:: Data block ::
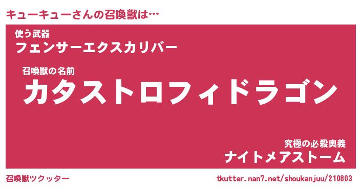| 伝説のあだ名 | 『封印されし竜騎士キューキュー』 |
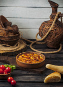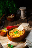 topiony ser na patelni garncarskiej podawany na desce do krojenia drewna
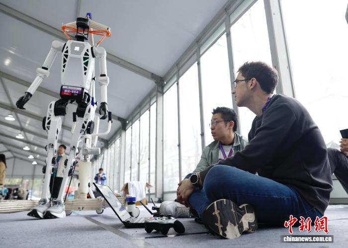 4月16日,工作人员在机器人大本营工作。据悉,2026北京亦庄人形机器人半程马拉松将于4月19日鸣枪开跑。中新社记者韩海丹摄
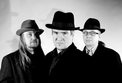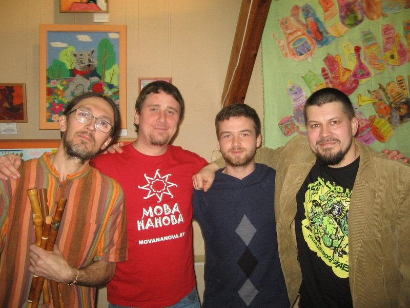 На фота зьлева направа: Васіль «Хіпар» Валошчык з гурта «Людзі на балоце», Сяргей Маркаў вядучы курсаў «Мова Нанова» ў Віцебску, Стась Сілка і Алесь Дзянісаў, фота з асабістага архіву Алеся Дзянісава

:: What you are asked to do ::
Retype nothing except the lines from the first line of the listing above through the line with "4月16日,工作人员在机器人", exactly as they stand, and no pictures.

:: Written reply ::
| 伝説のあだ名 | 『封印されし竜騎士キューキュー』 |
 topiony ser na patelni garncarskiej podawany na desce do krojenia drewna
 4月16日,工作人员在机器人大本营工作。据悉,2026北京亦庄人形机器人半程马拉松将于4月19日鸣枪开跑。中新社记者韩海丹摄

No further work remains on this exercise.